Here’s how most professionals use AI right now: open a browser tab, type a question, get an answer, close the tab. Maybe do it again tomorrow.
That’s fine. It’s useful. But it’s also a little absurd. It’s like having a brilliant analyst on staff and only asking them one question a day before sending them home.
I wanted something different. I wanted AI that didn’t sit around waiting for me to show up. Something that would scan my email at 3 AM, cross-reference my calendar, flag the prospect I forgot to follow up with, and have a briefing ready on my phone by the time I poured my first sparkling water. Yes, sparkling water. I’m that guy.
So I built it. Then I broke it. Then I rebuilt it.
The OpenClaw Starting Point
If you follow the AI agent space at all, you’ve probably seen OpenClaw.

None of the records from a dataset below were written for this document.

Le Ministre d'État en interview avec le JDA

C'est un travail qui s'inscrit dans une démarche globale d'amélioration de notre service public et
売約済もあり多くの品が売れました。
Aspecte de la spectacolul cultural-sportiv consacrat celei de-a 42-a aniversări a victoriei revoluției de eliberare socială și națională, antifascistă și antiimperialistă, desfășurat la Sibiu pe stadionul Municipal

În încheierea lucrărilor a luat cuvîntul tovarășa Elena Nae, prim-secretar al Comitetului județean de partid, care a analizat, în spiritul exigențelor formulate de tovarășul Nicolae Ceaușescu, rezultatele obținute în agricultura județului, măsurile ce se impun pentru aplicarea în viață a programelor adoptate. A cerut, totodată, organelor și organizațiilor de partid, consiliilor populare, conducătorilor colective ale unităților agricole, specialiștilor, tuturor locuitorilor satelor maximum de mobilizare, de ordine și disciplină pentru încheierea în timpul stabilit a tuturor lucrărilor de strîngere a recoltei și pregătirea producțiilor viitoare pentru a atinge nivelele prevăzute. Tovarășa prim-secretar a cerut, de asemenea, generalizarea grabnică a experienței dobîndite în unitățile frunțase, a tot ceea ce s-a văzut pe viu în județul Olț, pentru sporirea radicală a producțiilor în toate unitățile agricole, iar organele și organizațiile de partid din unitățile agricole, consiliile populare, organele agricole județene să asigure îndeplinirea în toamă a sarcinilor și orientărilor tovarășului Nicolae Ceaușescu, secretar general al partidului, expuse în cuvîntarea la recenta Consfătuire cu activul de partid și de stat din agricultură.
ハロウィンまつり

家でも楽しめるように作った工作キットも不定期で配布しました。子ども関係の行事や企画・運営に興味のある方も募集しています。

It’s one of the clearest proof points yet that personal multi-agent AI systems are real, and they’re here now.
I started there. I built my first version on it and learned a ton.
But when clients asked me whether I’d recommend it for a real business environment, my answer was no. Not right now.

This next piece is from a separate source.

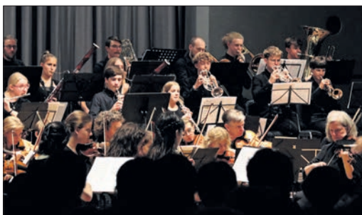
Archivbild des Jugendsinfonieorchesters

Das Angebot richtet sich an fortgeschrittene junge Instrumentalisten aus dem Main-Taunus-Kreis und der Region. Für Streicher und Bläser ist am 18. April ein Probespiel in der Main-Taunus-Schule Hofheim vorgesehen. Anmeldeschluss für neue Teilnehmer ist der 15. April; die Teilnahmegebühr beträgt 250 Euro. Der Anmeldeflyer mit näheren Informationen liegt im Kreisgebiet aus kann auf der Internetseite www.mtk.org heruntergeladen werden.

That isn’t a knock on the project. OpenClaw is genuinely impressive. It helped show a lot of people that personal agent systems are no longer science fiction.
What it didn’t give me was something I felt comfortable trusting with my actual business. The security model is whatever you configure. Community modules may or may not be vetted. And the distance between “cool demo” and “I trust this with client communications” is a lot bigger than most people think.
That gap turned out to be the whole story.
Why I Rebuilt Everything
So I moved the system to Claude Code and rebuilt it around Opus 4.6 through my Teams subscription.
That was a real tradeoff. I gave up model flexibility. OpenClaw lets you mix and match models however you want. In exchange, I got a much deeper and more coherent system: MCP, native tool use, subagents, and more reliable structured output. One opinionated environment instead of a patchwork.
That mattered more than I expected.
OpenClaw gives you building blocks and says, go assemble something. That’s exciting. But I didn’t need maximum flexibility. I needed something that could do specific jobs for a specific business, every day, without drama.
That became Project Ollie.
What Project Ollie Actually Does
Ollie runs on a Mac Mini that cost me about $600 at Costco. It runs 24/7. It has 14 specialized agents, each with a defined role, its own schedule, persistent memory, and designated output channels.
A quick note on cost, because people always ask. I haven’t received a separate API bill beyond my Claude Teams seat so far. That is not the same thing as unlimited free usage. Team plans have limits, and heavier workloads could change the math. For my current volume, it has been covered. I would not assume that is universally true.
The agents fall into four groups. Communications agents handle personal email, work email, and Telegram monitoring. Intelligence agents run AI research, legal research, and a daily demo scout. Business ops agents manage CRM activity, track prospects, and pull calendar intelligence. Then there’s a content and security layer covering the content pipeline, newsletter monitoring, security scanning, system health, and daily backups.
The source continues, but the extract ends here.